Bayesian Model Selection

HARP executes Bayesian model selection (BMS) between an atomic level model (\(M_0\)) and a residue level model (\(M_1\)) to compute the probability, \(P(M_0 | \mathcal{Y})\), where \(\mathcal{Y}\) is the local cryoEM map for a residue., according to

\[ P(M_0 | \mathcal{Y}) = \frac{P(\mathcal{Y} | M_0) P(M_0)}{P(\mathcal{Y} | M_0) P(M_0) + P(\mathcal{Y} | M_1) P(M_1)} \] where the priors \(P(M_0) = P(M_1) = \frac{1}{2}\), and \(P(\mathcal{Y} | M_0)\) and \(P(\mathcal{Y} | M_1)\) are the likelihoods that the latent structural information in \(\mathcal{Y}\) is explained by an atomic level template (for \(M_0\)) or a residue level template (for \(M_1\)), according to Equation 2.2.2. in Ray, et al.

bms_residue

harp.bayes_model_select.bms_residue (grid, data, subresidue, adfs, blobs, subgrid_size=8., sigmacutoff=5, offset=0.5, atom_types=None, atom_weights=None)
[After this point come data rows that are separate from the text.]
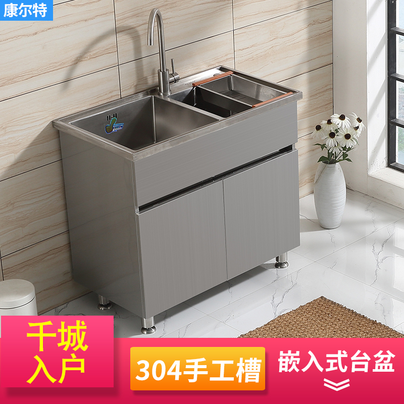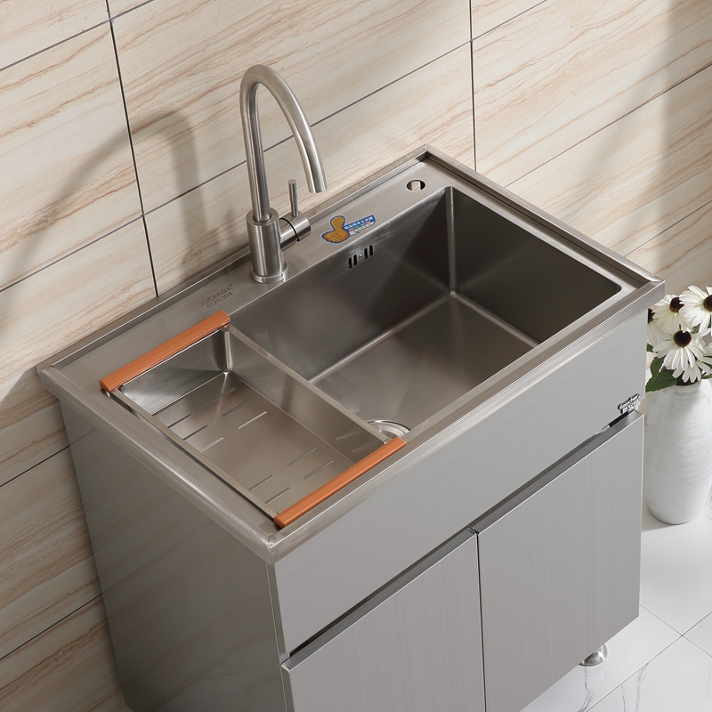 Stainless steel laundry wardrobe balcony wash cabinet combination kitchen 304 handmade sink cabinet floor-to-ceiling integrated vegetable basin
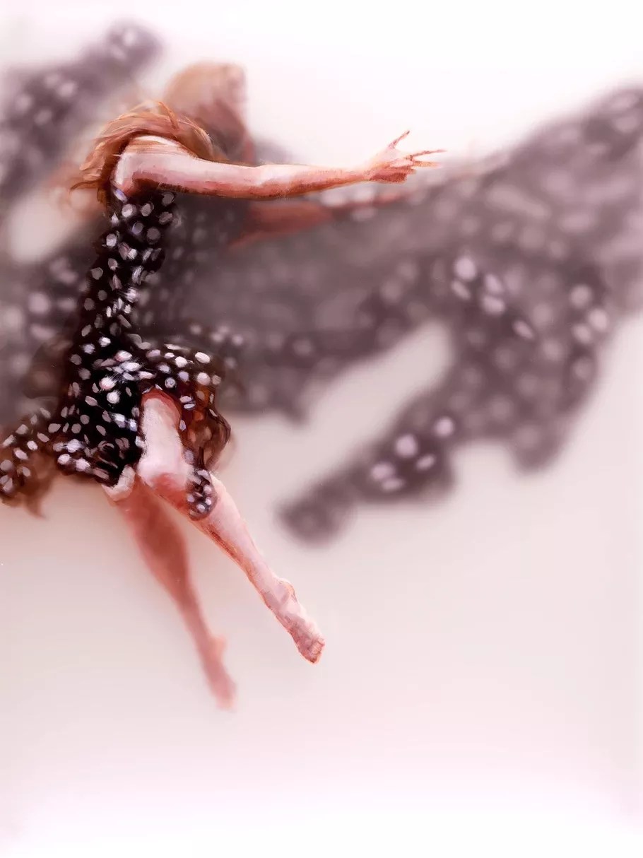 Michelle Jader’s process begins with a series of photographs, which are then layered in separate acrylic sheets, triggering an otherworldly, sensory impression of movement, as if the subjects were swirling through the mists.
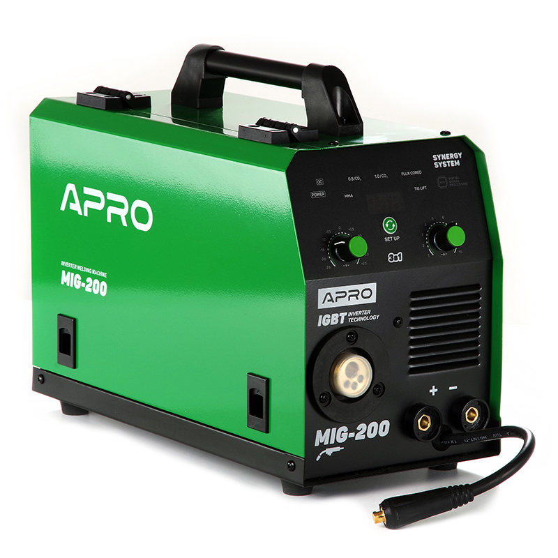 APRO MIG-200 – это инверторный сварочный полуавтомат, который сочетает высокую мощность, функциональность и надёжность. Благодаря поддержке режимов MMA, MIG, MAG и TIG Lift, он отлично подходит как для профессиональных, так и для бытовых сварочных работ. Диапазон сварочного тока от 20 до 200 А позволяет работать с электродами диаметром 1,6 – 4 мм и проволокой 0,6 – 1,0 мм, что делает устройство универсальным в использовании.
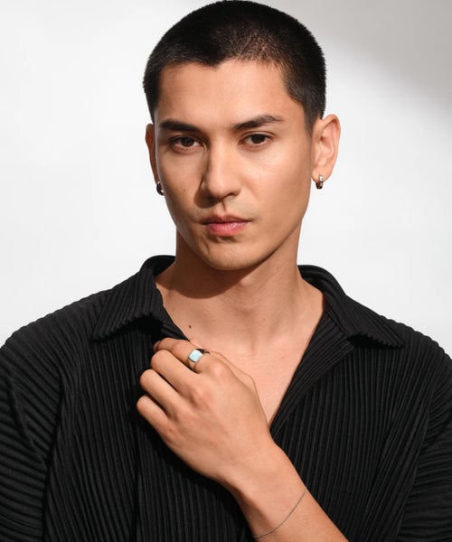 ■シグネットリングなど厚みのあるリングは、一般的にバンドリングなど細めのリングより大きいサイズを選ぶ必要がございます。
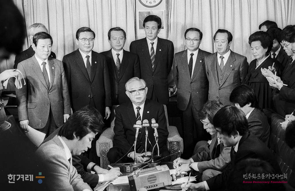 - 1988년 12월 8일 대폭적인 민정당 당직개편에 따라 윤길중 총재상임고문으로 임명된 전 민정당 대표의원이 기자들에게 당직개편에 대한 설명을 하고 있다.
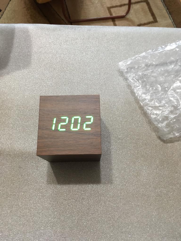 Digitální LED USB stůl Dřevěný čtvercový budík Dekorace s hlasovým ovládáním
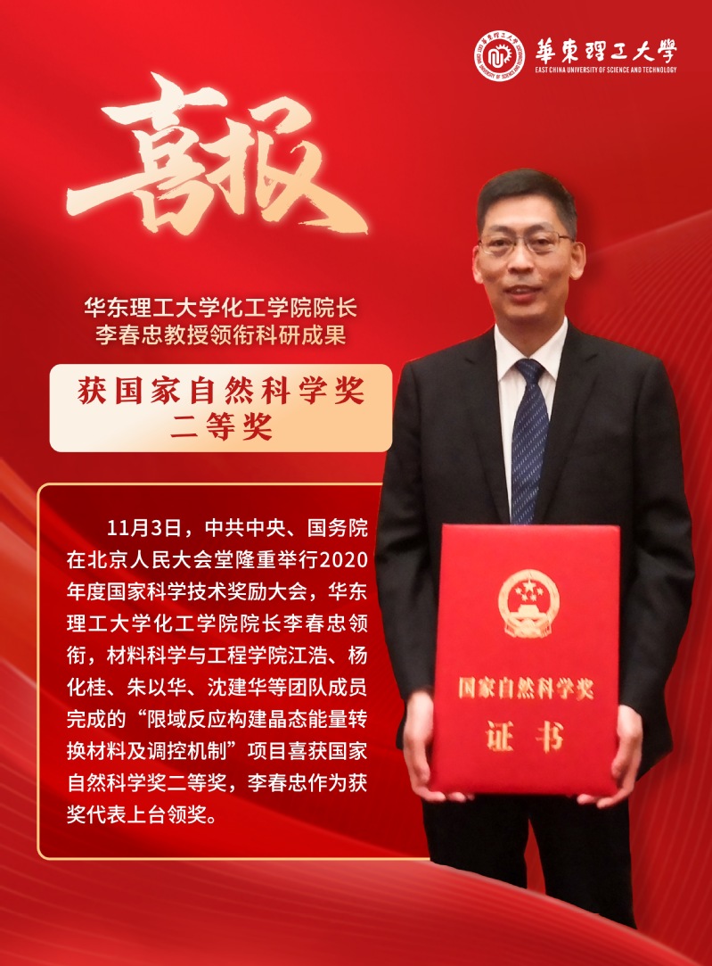 11月3日,中共中央、国务院在北京人民大会堂隆重举行2020年度国家科学技术奖励大会,华东理工大学化工学院院长李春忠教授领衔,材料科学与工程学院江浩、杨化桂、朱以华、沈建华等团队成员完成的“限域反应构建晶态能量转换材料及调控机制”科研成果喜获国家自然科学二等奖,李春忠作为获奖代表上台领奖。
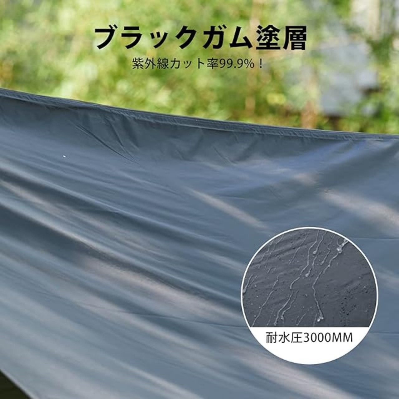 【撥水加工・耐カビ】遮光性、耐水性に優れ、3000mmの耐水圧と十分な防水性を保っています。しっかり撥水加工により、不安定の天候もOK。また、このタイプのタープは防カビ性に優れており、湿った状態でもカビが生えにくくなっています。ハンモックやテントと併用する事により、日差しや雨よけになり、快適なクッキングスペースを設けることができます。
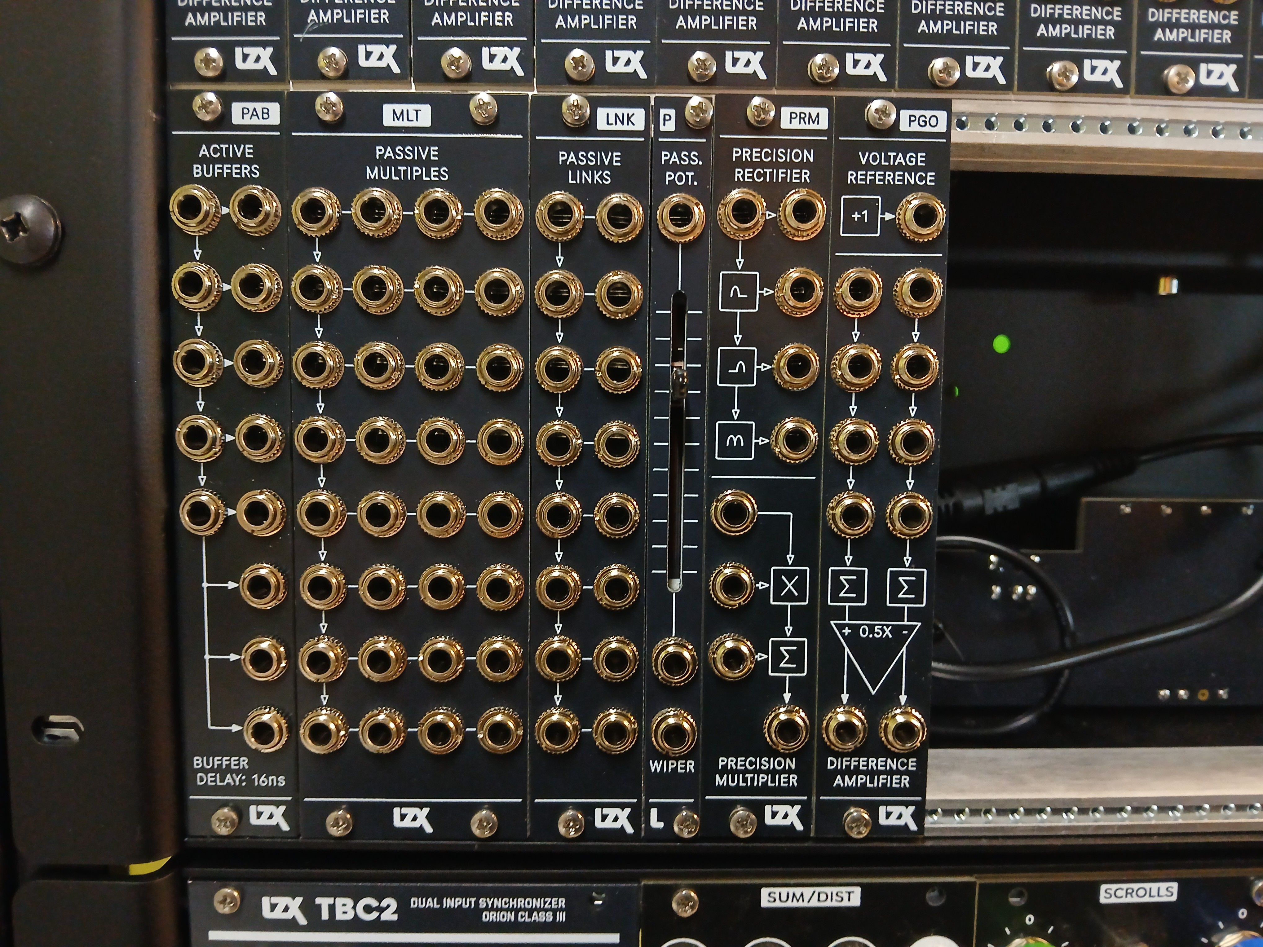 After a year's hiatus, we released our first new module in November last year: PGO. We now have five more in this series available, in what we are calling the P series: modules which fit one of the three themes: Passive, Precision or Programmable. P Series functions are not complex, exciting video effects on an individual basis: they are the building blocks of them. Those of you who wish to dig into the nuts and bolts of analog graphics will find that all the right operators are here to patch most of the functions in our other modules. As we consider revising earlier modules and developing new modules, this series provides a chance to encapsulate our best practices in video synth module design thus far, and provide a solid foundation on which to do so.
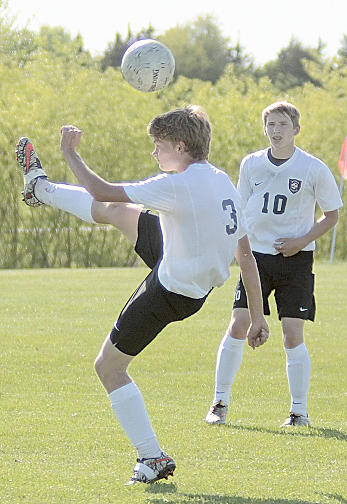 Creston defender Cole Higgins executes a bicycle kick to send the bal behind him toward the Panther offensive field as teammate Evan Jacobson (10) looks on. (CNA photo)
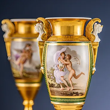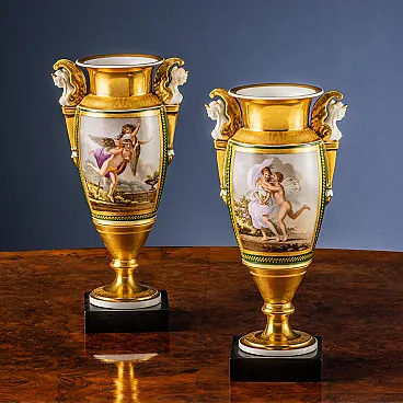 Pair of ceramic vases resting on a black Belgian marble base; with two handles in shape of winged caryatids. The vases are partially gilded and glazed in green with Empire-style motifs, such as Greek leaf motifs and subsequent leaf motifs. On the front, a painted polychrome reserve, in which Cupid and Psyche, Flora and Zephyr are represented respectively; on the back, on a green background, there is a wreath with vine leaves and a mask with feminine features.
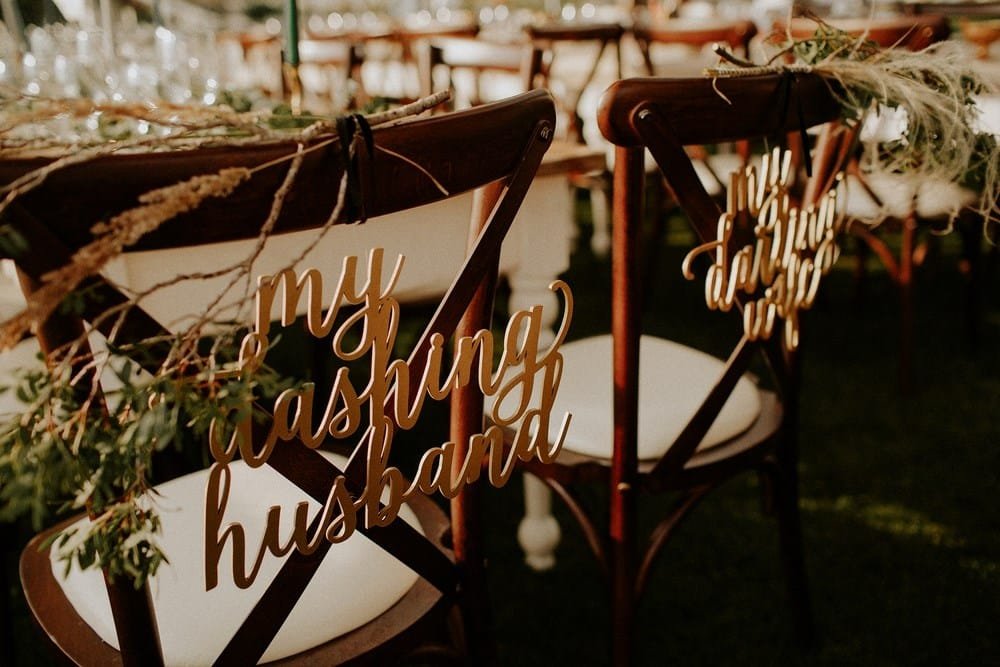 A székekre egyedi, kivágott szöveget helyeztünk, és a gyerekek sem maradtak kreatív élmény nélkül – számukra egyedi színezőket és különféle érdekességeket tartalmazó befőttes üvegeket készítettünk.
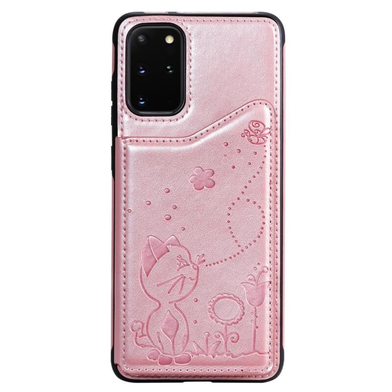 Θήκη προστασίας με ανάγλυφο σχέδιο Cat Bee για Galaxy S20 Plus, ανθεκτική στις κρούσεις, με θήκες για κάρτες & κορνίζα φωτογραφιών (Ροζ χρυσός)
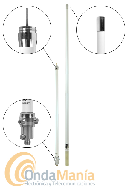 Antena de base tribanda 50 / 144 / 430 Mhz original Japón con una longitud de 2,5 mts, 150 W y tres radiales.
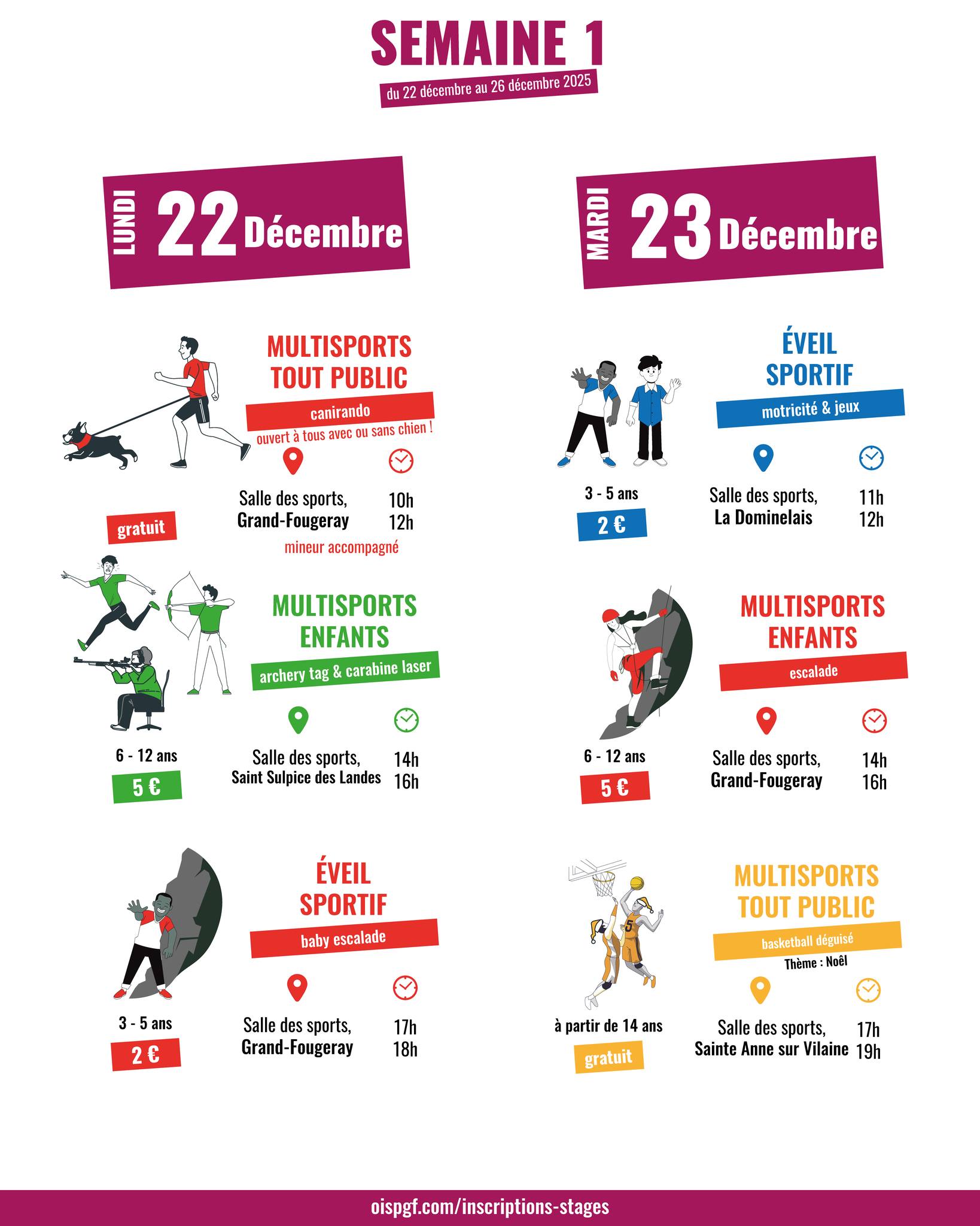 Durant les vacances de Noël, les Offices du Sport multiplient les rendez‑vous sportifs pour les enfants, les jeunes, les adultes et les seniors : ateliers découverte, stages multisports, initiations et pratiques ludiques en famille.
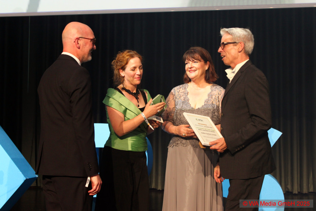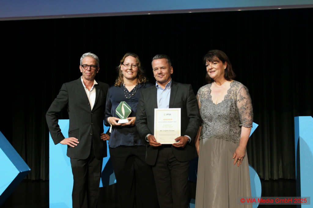 BIC Graphic gewann in der Kategorie Company of the Year. V.l. Jurymitglied Nils Bader (Green Future Club), Elke Röhm und Klaus Kuso (BIC) sowie PSI-Chefin Petra Lassahn.
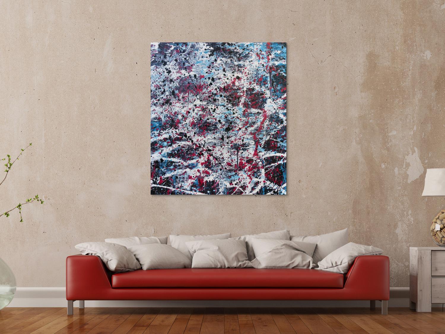 Abstraktes Gemälde auf Leinwand Abstraktes Acrylbild modernes Gemälde in türlis oink schwarz weiß Actionpainting in 120x100cm von Alex Zerr

This function runs the HARP calculation at the local residue-level by executing BMS between \(M_0\) and \(M_1\) for a single residue of the cryoEM structure. This function is typically called by bms_molecule (see below), and therefore, it is unlikely to be independently used.

Returns a tuple of (record_prob_good, record_ln_ev).

Arguments

Variable	Descrption
`grid`	`harp.density.gridclass` The grid defining the voxel locations for a density map.
`data`	`numpy.ndarray` The experimental cryoEM density map for a molecule.
`subresidue`	`harp.molecule.atomcollection` The collection of atoms that correspond to the specific residue.
`adfs`	`numpy.ndarray` A 1-D array of Gaussian width \(\sigma_0\) (in \(\unicode{x212B}\)) for the atomic profiles in \(M_0\). The default is an array of 10 \(\log_{10}\)-spaced points points between 0.25 and 1.0.
`blobs`	`numpy.ndarray` A 1-D array of Gaussian width \(\sigma_1\) (in \(\unicode{x212B}\)) for the residue super-atom profiles in \(M_1\). The default is an array of 20 \(\log_{10}\)-spaced points points between 0.25 and 2.8.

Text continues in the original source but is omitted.